Source data
____________________

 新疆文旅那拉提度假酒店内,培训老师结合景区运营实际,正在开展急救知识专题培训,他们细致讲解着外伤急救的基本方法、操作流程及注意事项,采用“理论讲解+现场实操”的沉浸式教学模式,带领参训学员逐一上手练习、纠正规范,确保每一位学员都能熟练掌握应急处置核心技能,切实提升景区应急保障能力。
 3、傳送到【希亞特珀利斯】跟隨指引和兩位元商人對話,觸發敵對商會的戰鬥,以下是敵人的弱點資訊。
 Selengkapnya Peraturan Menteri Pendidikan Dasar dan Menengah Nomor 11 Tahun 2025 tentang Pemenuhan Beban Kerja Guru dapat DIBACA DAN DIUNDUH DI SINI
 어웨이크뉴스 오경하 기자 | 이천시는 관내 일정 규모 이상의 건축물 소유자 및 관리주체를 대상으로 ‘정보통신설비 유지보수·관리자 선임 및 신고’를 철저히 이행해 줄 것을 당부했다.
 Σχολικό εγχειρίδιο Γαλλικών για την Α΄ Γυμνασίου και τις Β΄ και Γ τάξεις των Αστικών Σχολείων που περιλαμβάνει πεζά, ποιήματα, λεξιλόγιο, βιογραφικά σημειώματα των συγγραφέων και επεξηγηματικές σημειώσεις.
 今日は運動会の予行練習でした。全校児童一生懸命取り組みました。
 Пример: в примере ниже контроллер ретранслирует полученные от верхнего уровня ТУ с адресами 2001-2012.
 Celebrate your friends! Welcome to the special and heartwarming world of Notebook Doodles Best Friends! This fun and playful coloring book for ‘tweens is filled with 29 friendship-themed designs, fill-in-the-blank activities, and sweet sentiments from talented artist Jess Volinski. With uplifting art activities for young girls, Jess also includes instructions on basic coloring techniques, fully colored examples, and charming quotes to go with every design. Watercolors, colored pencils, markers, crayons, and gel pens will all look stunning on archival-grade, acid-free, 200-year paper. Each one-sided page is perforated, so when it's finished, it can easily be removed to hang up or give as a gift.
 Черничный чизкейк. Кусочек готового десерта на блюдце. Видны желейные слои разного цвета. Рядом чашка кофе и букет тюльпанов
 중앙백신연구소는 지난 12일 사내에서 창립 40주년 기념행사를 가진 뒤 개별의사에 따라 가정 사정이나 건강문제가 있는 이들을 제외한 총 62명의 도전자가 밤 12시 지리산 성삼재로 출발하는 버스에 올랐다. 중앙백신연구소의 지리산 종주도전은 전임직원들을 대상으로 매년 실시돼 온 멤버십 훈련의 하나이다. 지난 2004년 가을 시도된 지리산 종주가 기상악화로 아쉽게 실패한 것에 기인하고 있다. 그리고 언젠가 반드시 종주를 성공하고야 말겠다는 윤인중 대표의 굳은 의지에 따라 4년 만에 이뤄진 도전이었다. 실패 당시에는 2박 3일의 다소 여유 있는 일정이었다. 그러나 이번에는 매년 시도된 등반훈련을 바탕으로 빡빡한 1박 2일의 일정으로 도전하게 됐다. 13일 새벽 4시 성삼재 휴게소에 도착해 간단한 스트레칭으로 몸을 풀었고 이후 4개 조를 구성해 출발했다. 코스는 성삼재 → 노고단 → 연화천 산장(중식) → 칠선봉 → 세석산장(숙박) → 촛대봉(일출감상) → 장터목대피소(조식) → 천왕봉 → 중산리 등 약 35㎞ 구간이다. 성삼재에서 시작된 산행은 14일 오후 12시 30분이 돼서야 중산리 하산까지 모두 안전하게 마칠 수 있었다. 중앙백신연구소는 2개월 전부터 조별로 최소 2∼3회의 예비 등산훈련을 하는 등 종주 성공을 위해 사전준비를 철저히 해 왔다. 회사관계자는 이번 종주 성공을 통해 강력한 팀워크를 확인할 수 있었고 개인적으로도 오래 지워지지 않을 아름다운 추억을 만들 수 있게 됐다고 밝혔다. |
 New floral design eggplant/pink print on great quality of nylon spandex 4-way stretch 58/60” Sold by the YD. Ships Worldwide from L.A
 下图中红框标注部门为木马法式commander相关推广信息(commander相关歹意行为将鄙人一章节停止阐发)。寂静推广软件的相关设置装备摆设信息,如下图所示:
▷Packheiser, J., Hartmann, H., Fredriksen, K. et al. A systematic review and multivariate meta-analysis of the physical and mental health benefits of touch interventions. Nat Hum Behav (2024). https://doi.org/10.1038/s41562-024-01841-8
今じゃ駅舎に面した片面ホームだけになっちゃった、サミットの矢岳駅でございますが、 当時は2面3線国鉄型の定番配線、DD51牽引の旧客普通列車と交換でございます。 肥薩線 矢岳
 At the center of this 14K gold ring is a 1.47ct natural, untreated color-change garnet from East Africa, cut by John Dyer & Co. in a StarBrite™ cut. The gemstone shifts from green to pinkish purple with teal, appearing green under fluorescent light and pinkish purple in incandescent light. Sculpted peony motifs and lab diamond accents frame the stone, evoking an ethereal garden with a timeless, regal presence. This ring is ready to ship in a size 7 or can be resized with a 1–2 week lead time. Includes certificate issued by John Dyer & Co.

____________________

How to complete this task:
Repeat each line above exactly as it stands.

Exercise answer:
 新疆文旅那拉提度假酒店内,培训老师结合景区运营实际,正在开展急救知识专题培训,他们细致讲解着外伤急救的基本方法、操作流程及注意事项,采用“理论讲解+现场实操”的沉浸式教学模式,带领参训学员逐一上手练习、纠正规范,确保每一位学员都能熟练掌握应急处置核心技能,切实提升景区应急保障能力。
 3、傳送到【希亞特珀利斯】跟隨指引和兩位元商人對話,觸發敵對商會的戰鬥,以下是敵人的弱點資訊。
 Selengkapnya Peraturan Menteri Pendidikan Dasar dan Menengah Nomor 11 Tahun 2025 tentang Pemenuhan Beban Kerja Guru dapat DIBACA DAN DIUNDUH DI SINI
 어웨이크뉴스 오경하 기자 | 이천시는 관내 일정 규모 이상의 건축물 소유자 및 관리주체를 대상으로 ‘정보통신설비 유지보수·관리자 선임 및 신고’를 철저히 이행해 줄 것을 당부했다.
 Σχολικό εγχειρίδιο Γαλλικών για την Α΄ Γυμνασίου και τις Β΄ και Γ τάξεις των Αστικών Σχολείων που περιλαμβάνει πεζά, ποιήματα, λεξιλόγιο, βιογραφικά σημειώματα των συγγραφέων και επεξηγηματικές σημειώσεις.
 今日は運動会の予行練習でした。全校児童一生懸命取り組みました。
 Пример: в примере ниже контроллер ретранслирует полученные от верхнего уровня ТУ с адресами 2001-2012.
 Celebrate your friends! Welcome to the special and heartwarming world of Notebook Doodles Best Friends! This fun and playful coloring book for ‘tweens is filled with 29 friendship-themed designs, fill-in-the-blank activities, and sweet sentiments from talented artist Jess Volinski. With uplifting art activities for young girls, Jess also includes instructions on basic coloring techniques, fully colored examples, and charming quotes to go with every design. Watercolors, colored pencils, markers, crayons, and gel pens will all look stunning on archival-grade, acid-free, 200-year paper. Each one-sided page is perforated, so when it's finished, it can easily be removed to hang up or give as a gift.
 Черничный чизкейк. Кусочек готового десерта на блюдце. Видны желейные слои разного цвета. Рядом чашка кофе и букет тюльпанов
 중앙백신연구소는 지난 12일 사내에서 창립 40주년 기념행사를 가진 뒤 개별의사에 따라 가정 사정이나 건강문제가 있는 이들을 제외한 총 62명의 도전자가 밤 12시 지리산 성삼재로 출발하는 버스에 올랐다. 중앙백신연구소의 지리산 종주도전은 전임직원들을 대상으로 매년 실시돼 온 멤버십 훈련의 하나이다. 지난 2004년 가을 시도된 지리산 종주가 기상악화로 아쉽게 실패한 것에 기인하고 있다. 그리고 언젠가 반드시 종주를 성공하고야 말겠다는 윤인중 대표의 굳은 의지에 따라 4년 만에 이뤄진 도전이었다. 실패 당시에는 2박 3일의 다소 여유 있는 일정이었다. 그러나 이번에는 매년 시도된 등반훈련을 바탕으로 빡빡한 1박 2일의 일정으로 도전하게 됐다. 13일 새벽 4시 성삼재 휴게소에 도착해 간단한 스트레칭으로 몸을 풀었고 이후 4개 조를 구성해 출발했다. 코스는 성삼재 → 노고단 → 연화천 산장(중식) → 칠선봉 → 세석산장(숙박) → 촛대봉(일출감상) → 장터목대피소(조식) → 천왕봉 → 중산리 등 약 35㎞ 구간이다. 성삼재에서 시작된 산행은 14일 오후 12시 30분이 돼서야 중산리 하산까지 모두 안전하게 마칠 수 있었다. 중앙백신연구소는 2개월 전부터 조별로 최소 2∼3회의 예비 등산훈련을 하는 등 종주 성공을 위해 사전준비를 철저히 해 왔다. 회사관계자는 이번 종주 성공을 통해 강력한 팀워크를 확인할 수 있었고 개인적으로도 오래 지워지지 않을 아름다운 추억을 만들 수 있게 됐다고 밝혔다. |
 New floral design eggplant/pink print on great quality of nylon spandex 4-way stretch 58/60” Sold by the YD. Ships Worldwide from L.A
 下图中红框标注部门为木马法式commander相关推广信息(commander相关歹意行为将鄙人一章节停止阐发)。寂静推广软件的相关设置装备摆设信息,如下图所示:
▷Packheiser, J., Hartmann, H., Fredriksen, K. et al. A systematic review and multivariate meta-analysis of the physical and mental health benefits of touch interventions. Nat Hum Behav (2024). https://doi.org/10.1038/s41562-024-01841-8
今じゃ駅舎に面した片面ホームだけになっちゃった、サミットの矢岳駅でございますが、 当時は2面3線国鉄型の定番配線、DD51牽引の旧客普通列車と交換でございます。 肥薩線 矢岳
 At the center of this 14K gold ring is a 1.47ct natural, untreated color-change garnet from East Africa, cut by John Dyer & Co. in a StarBrite™ cut. The gemstone shifts from green to pinkish purple with teal, appearing green under fluorescent light and pinkish purple in incandescent light. Sculpted peony motifs and lab diamond accents frame the stone, evoking an ethereal garden with a timeless, regal presence. This ring is ready to ship in a size 7 or can be resized with a 1–2 week lead time. Includes certificate issued by John Dyer & Co.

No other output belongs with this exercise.